Data supplied Block Start
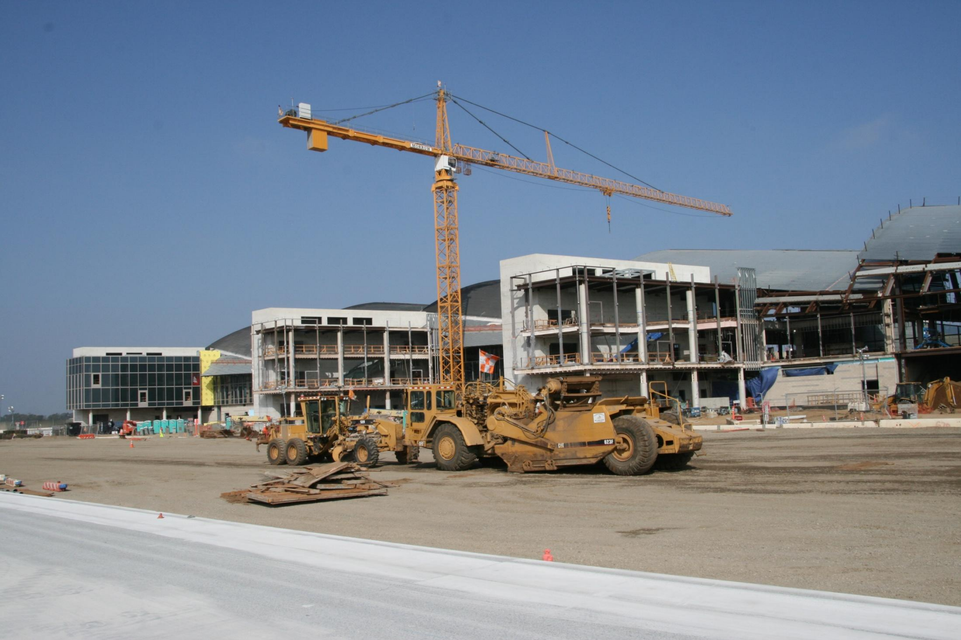
North Gatehouses in various stages of completion. October 21, 2011
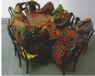
Figure 6. Title of figure Yinka Sonibare, Yinka Shonibare MBE, Scramble for Africa , 2003. Fourteen figures, fourteen chairs, table, Dutch wax printed cotton textile, 52 x 192 x 110 inches overall. Commissioned by the Museum for African Art, New York. Collection of Alden Pinnell. Courtesy of the artist and Stephen Friedman Gallery, London

Reference: String Felt Thread, the Hierarchy of Art and Craft in American Art, Elissa Auther, University of Minnesota Press, Minneapolis, London p.170
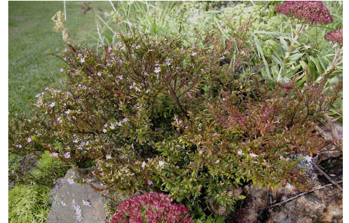
In cultivation. Photographer: John Smith-Dodsworth, Licence: CC BY-NC.
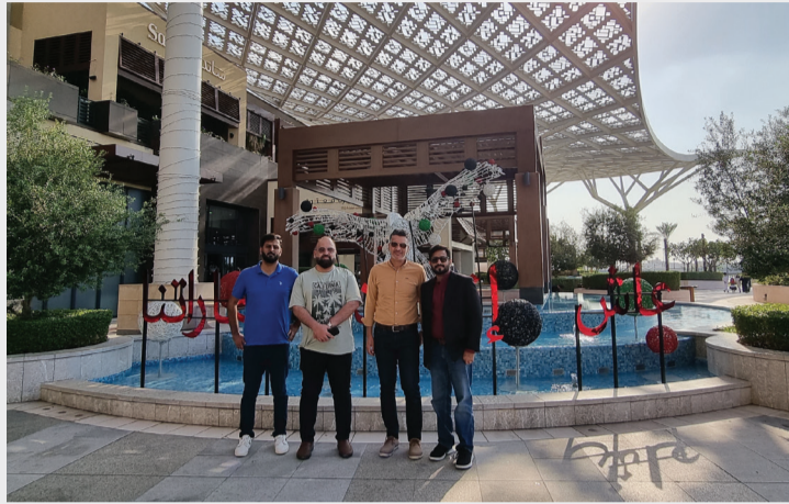
Visit of IACPL delegate to Al Zahia shopping mall, a project of Khatib & Alami (International Designer of our Reem Heights, a mix use development)

A visit of senior architect wing was arranged to gain in-depth knowledge and understanding of the design process employed by K&A, by gelling IACPL managers in K&A working environment and by engaging IACPL's key individuals with K&A key teams. IACPL explored K&A's design philosophy, creative design methodologies, collaborative team approaches, and the deployment of modern technologies and software in their projects.
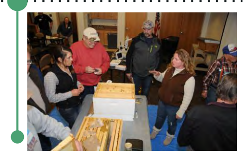
Local Bee Clubs
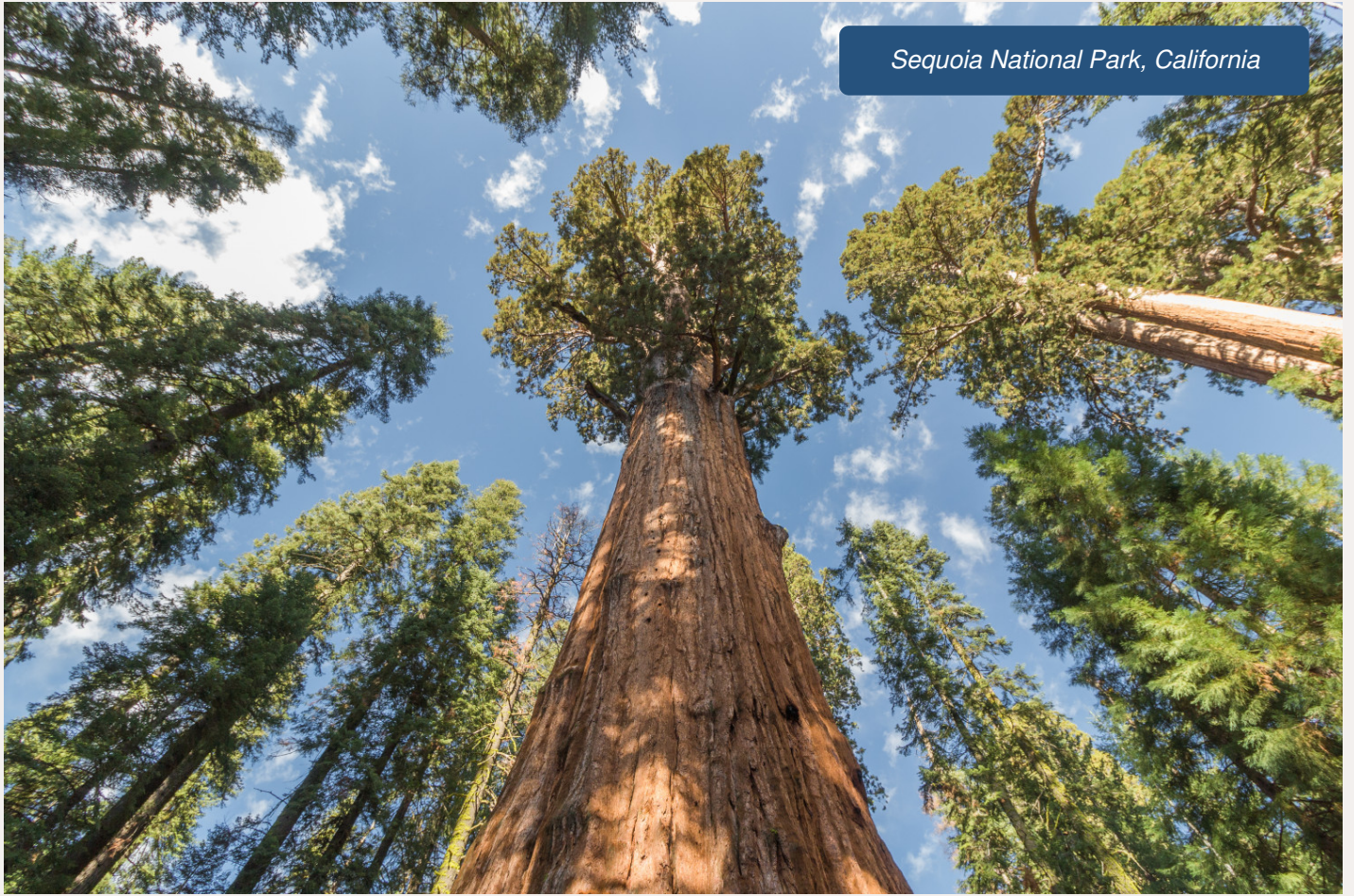
Sequoia National Park, California
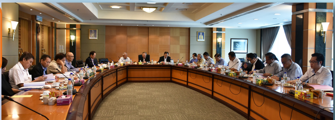
STA Council Meeting No 2/2019, Wisma STA, Kuching, 18 October 2019
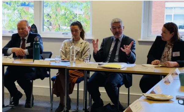
8 - Roundtable discussion with stakeholders from Morrisons, High Tide, the Crown Estate, Câr-y-Môr, the Waterloo Foundation and Sea Forest.

I also chaired a discussion on the potential of a properly managed seaweed industry with key stakeholders including The Earthshot Prize, Natural Resources Wales and The Crown Estate where we discussed how we can support this green industry through licensing and investment.
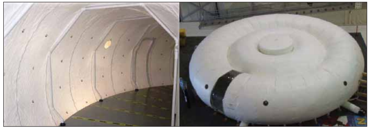
Figure 3 • NASA's Inflatable Lunar Habitat Module at UMaine.

Inside its Wireless Sensing Lab, the University of Maine hosts the first inflatable lunar habitat module built by NASA Johnson Space Center. This module was built in 2009 and delivered to UMaine to be outfitted with passive wireless sensors for structural monitoring. Figure 3 presents outside and inside views of this module that is outfitted with 124 passive wireless sensors for shape detection, leak detection, and impact localization. We have developed localization methods for sensors built at UMaine at 107
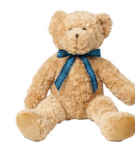
MM001 | Page 12
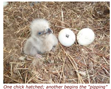
process of breaking through the shell

It's nesting season again for the non-releasable Bald Eagle breeding pairs at the American Eagle Foundation. So far, two Bald Eaglets have hatched this Spring, and we're hopeful that the remaining 5 eggs will produce young within the next week or so.
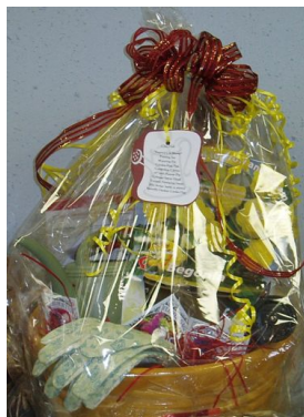
Begonia's in Bloom

Spread the word! City employees are sponsoring and preparing a Spaghetti Supper and Silent Auction for Thursday, February 25 beginning at 5:30 p.m. at the Kingston Community Center to raise funds for the new Pavilion at Kingston City Park. Bid on a variety of gift baskets including an all chocolate basket, a Paula Deen basket, a Reading basket, boys and girls Easter baskets and many other themed choices. For $5 you get a salad, spaghetti, bread, dessert and drink and a chance to bid on these remarkable baskets! Come on down!!!
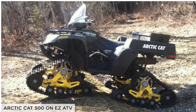
ARCTIC CAT 500 ON EZ ATV

MODELS IN SERIES: EZ ATV, EZ UTV, EZ MAXIM, EZ HD
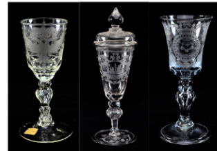
18th Century Stemware
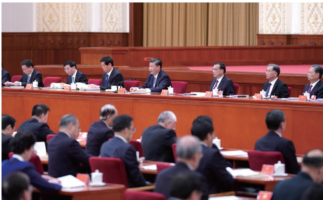
Figure 3. The Fifth Plenum of the 19 th Central Committee of the Communist Party of China

Source: 〈第一觀察 讀懂五中全會，這是一個導航密碼〉, Xinhuanet , November 10, 2020, < http://big5.xinhuanet.com/gate/big5/www.xinhuanet.com/politics/leaders/2020-11/10/c_1126718542.htm >.
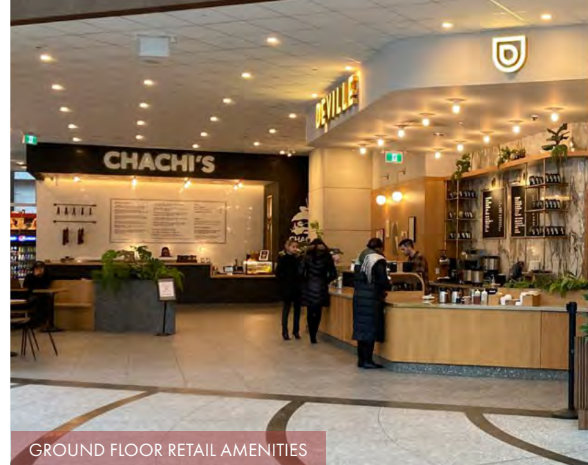
GROUND FLOOR RETAIL AMENITIES
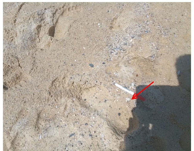
Notes: Overview of the ACM fragment prior to the removal within Western beach.
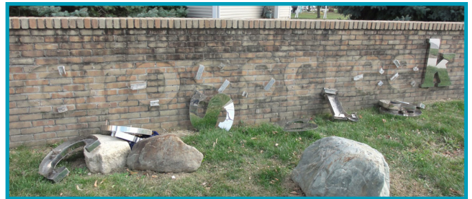
2010 Letters Vandalized
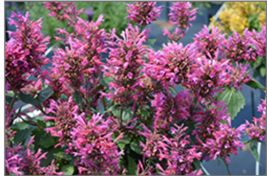
Morello Hyssop flowers

Morello Hyssop is recommended for the following landscape applications;
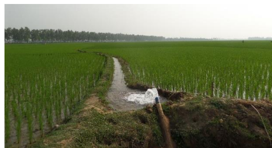
Figure 1 Irrigating Boro rice from groundwater in northwest Bangladesh

The project aims to define the sustainable level of water (particularly groundwater) use for irrigation and their impacts on the socio-economy and livelihood of the farmers including women in the northwest region of Bangladesh.
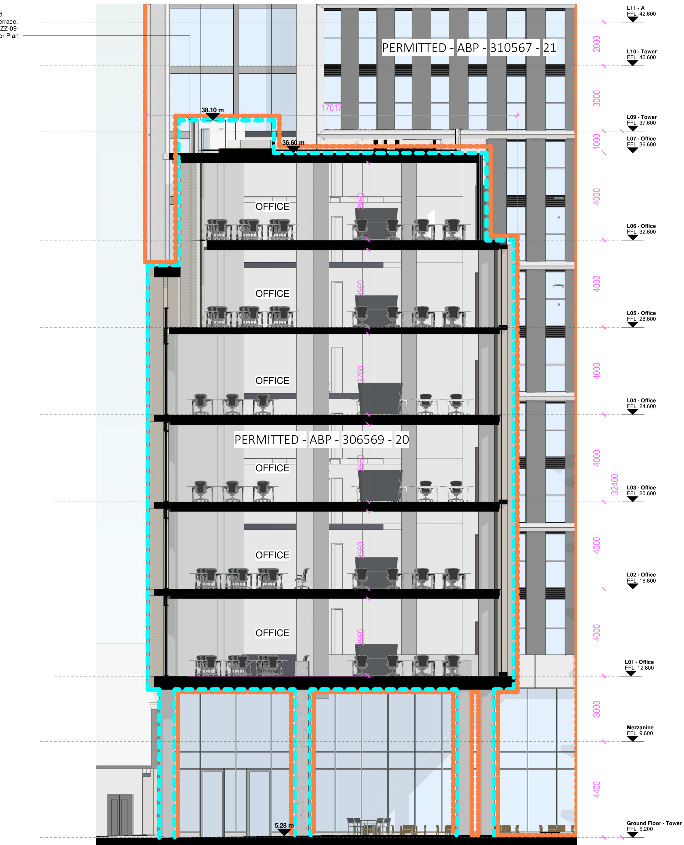
Permitted Section AA 1 : 100

Consented 1.5m high railing as a wind mitigation measure for 9th floor roof terrace. Refer to 9th Floor Plan 'PGATE-RAU-ZZ-09-DR-A-GAP-31008 - Proposed 9th Floor Plan'
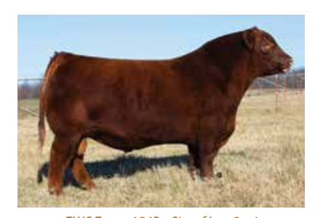
TWG Tango 156D - Sire of Lots 2 - 4

Co-owned with Willow Springs Cattle Company
Data supplied Block End
Work required -> Using the data above, output the line that has "Spread the word!", the line that has "Morello Hyssop flowers", and whatever lines fall between, each exactly as it stands and without pictures.

Exercise answer ->
Spread the word! City employees are sponsoring and preparing a Spaghetti Supper and Silent Auction for Thursday, February 25 beginning at 5:30 p.m. at the Kingston Community Center to raise funds for the new Pavilion at Kingston City Park. Bid on a variety of gift baskets including an all chocolate basket, a Paula Deen basket, a Reading basket, boys and girls Easter baskets and many other themed choices. For $5 you get a salad, spaghetti, bread, dessert and drink and a chance to bid on these remarkable baskets! Come on down!!!
ARCTIC CAT 500 ON EZ ATV

MODELS IN SERIES: EZ ATV, EZ UTV, EZ MAXIM, EZ HD
18th Century Stemware
Figure 3. The Fifth Plenum of the 19 th Central Committee of the Communist Party of China

Source: 〈第一觀察 讀懂五中全會，這是一個導航密碼〉, Xinhuanet , November 10, 2020, < http://big5.xinhuanet.com/gate/big5/www.xinhuanet.com/politics/leaders/2020-11/10/c_1126718542.htm >.
GROUND FLOOR RETAIL AMENITIES
Notes: Overview of the ACM fragment prior to the removal within Western beach.
2010 Letters Vandalized
Morello Hyssop flowers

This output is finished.